One of the bills passed this year in the Arizona Legislature and signed by the governor, HB 2567, adds rules for independent community oversight of Arizona police departments. Although Arizona isn’t plagued like some states by high-profile incidents involving law enforcement, overall community concern led to the legislation.
State Rep. John Kavanagh (R-Fountain Hills) (pictured above), who comes from a law enforcement background and sponsored the bill, said, “I’m not throwing cops to the wolves, especially politically motivated wolves.”
Arizona has the fourth highest rate of police killings among states, but has relatively few complaints about the police. Most major U.S. cities, as well as several cities in Arizona, including Chandler and Tucson, have these boards. The city of Phoenix is in the process of forming one.

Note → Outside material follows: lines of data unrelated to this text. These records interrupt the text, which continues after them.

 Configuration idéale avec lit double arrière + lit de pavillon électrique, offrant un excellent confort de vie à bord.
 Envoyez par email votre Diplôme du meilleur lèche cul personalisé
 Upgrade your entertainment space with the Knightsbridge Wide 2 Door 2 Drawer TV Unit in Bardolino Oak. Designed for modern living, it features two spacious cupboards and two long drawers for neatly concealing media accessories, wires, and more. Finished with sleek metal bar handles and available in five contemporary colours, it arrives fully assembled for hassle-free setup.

The measure, A.R.S. 38-1117 (which will be added to title 38), will require two-thirds of most bodies that review police misconduct to be law enforcement officers from the same department where the misconduct took place. All members of civilian review boards are required to have at least 80 hours of community college or AZPOST-certified police training. The education must include 20 hours of simulated event training.

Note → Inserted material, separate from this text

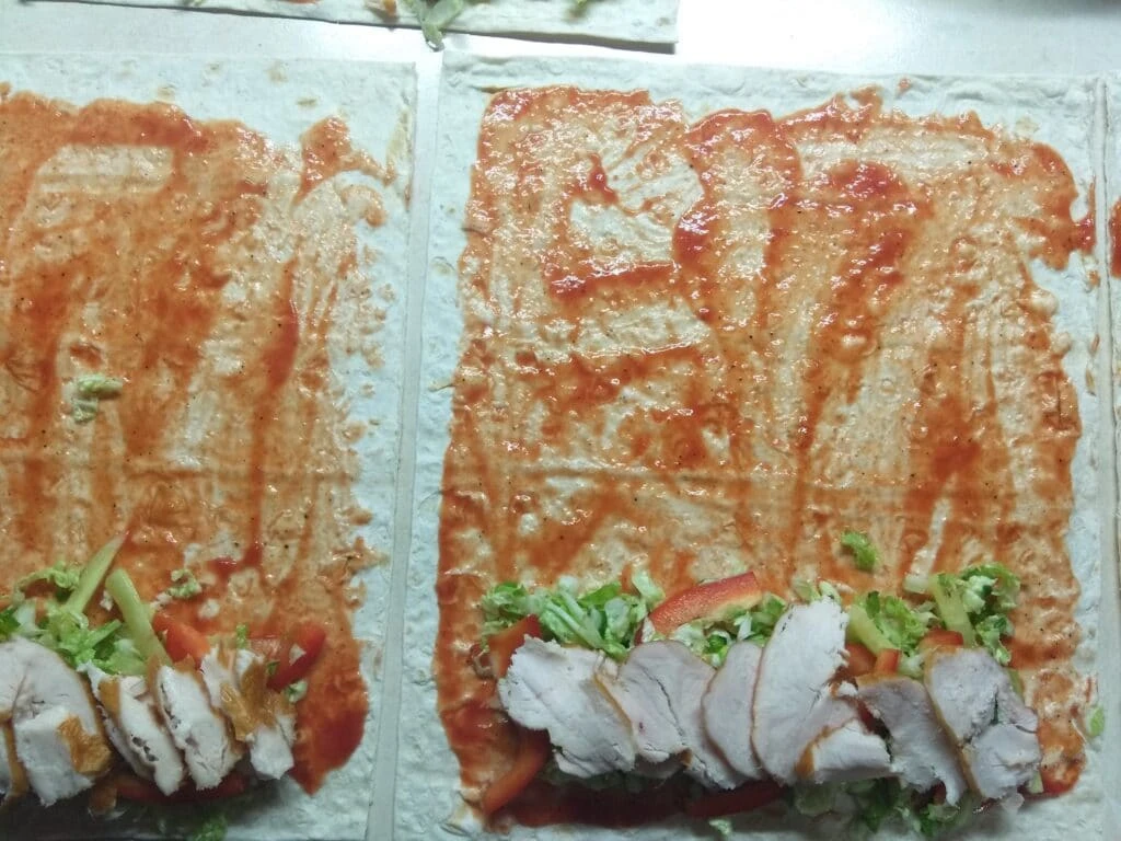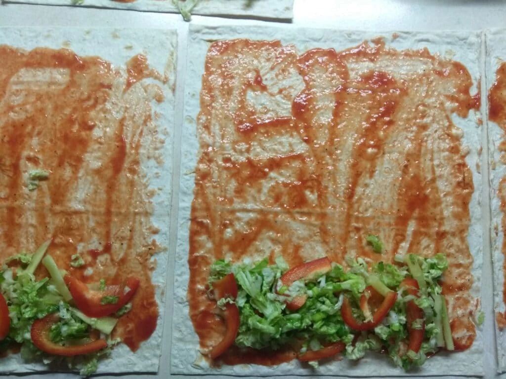 10. Свернуть лаваши в рулеты и разогреть в микроволновке 2-3 минуты.

The ACLU of Arizona opposed the bill, saying it “will result in bad officers remaining on our streets.” In a letter to Arizona Governor Doug Ducey, the organization’s policy director, Darrell Hill, objected to the two-thirds requirement, saying “civilian review boards must represent the communities and neighborhoods that are most heavily policed.”
Tim Sparling of Arizona Attorneys for Criminal Justice criticized the training requirement, according to ABC 15. “If you have the time and the money, you also have to qualify for the program, in order to get the training, which again, requires a certain amount of education, it effectively eliminates anyone who’s not a police officer,” he said.
However, James Pasco, then-national executive director of the Fraternal Order of Police, told NPR in 2015, “The fact of the matter is, an officer has to make a split-second decision involving life or death, and the civilian review boards tend to, by definition, be made up of civilians who have no particular experience or insight into what went through that officer’s mind, what the circumstances were and how desperate things can become in that nanosecond.”
Arizona Police Association President Joe Clure explained why the training requirement was added during a March legislative committee hearing on the bill. “The bill trains people, educates people on what police officers do on a day-to-day basis,” he testified.
Professor Douglas Perez, a former law enforcement officer, said in his book, Common Sense About Police Review, that police officers prefer Internal Affairs to civilian review boards because the boards are “operated by individuals unfamiliar with police work.”
Civilian review boards stacked with civilians may actually treat police officers under investigation more leniently than boards made up of police officers. A study commissioned by the Los Angeles City Council in 2017 found that “civilian members of the boards that weigh major LAPD discipline cases are “consistently more lenient” than their sworn counterparts, frequently voting to acquit officers or dole out lesser punishments.” The civilian panels examined during the study never issued a stronger decision than the police chief.
A similar study this year in Los Angeles revealed the same results. The all-civilian panels recommended a lesser penalty more than 70% of the time — leaving 11 officers on the force who otherwise would have been fired. The traditional panels consist of two officers and one civilian.
Civilians who participate in Los Angeles review boards have heftier background requirements than under the Arizona law. They must have two years of experience in human resources, personnel or labor relations, or another position that administers or adjudicates employee discipline. If selected, they must complete an eight-hour training course in rules of evidence and other legal procedures.
The city of Seattle was one of the first cities to set up a civilian review board in the 1990s, but the Department of Justice placed it under federal oversight in recent years due to “a pattern or practice of excessive force that violates the U.S. Constitution and federal law.”
According to The Gazette, leaders of Black Lives Matter, the ACLU and other civil rights organizations don’t like the Los Angeles citizens review board. Colorado Springs Mayor John Suthers doesn’t like the boards either. He told The Gazette he researched civilian review boards because “I can’t stand bad cops.” But he concluded they do not work. “In my opinion, I think cops are tougher on cops than most people think.”
Samuel Walker, author of Police Accountability: The Role of Citizen Oversight, said one key thing that can be done to improve police behavior is to make information about police disciplinary records available to the public. Arizona currently makes this information public, while some of the states with contentious police violence do not, including the blue states of California, New York, Maryland, Oregon, as well as Washington, D.C.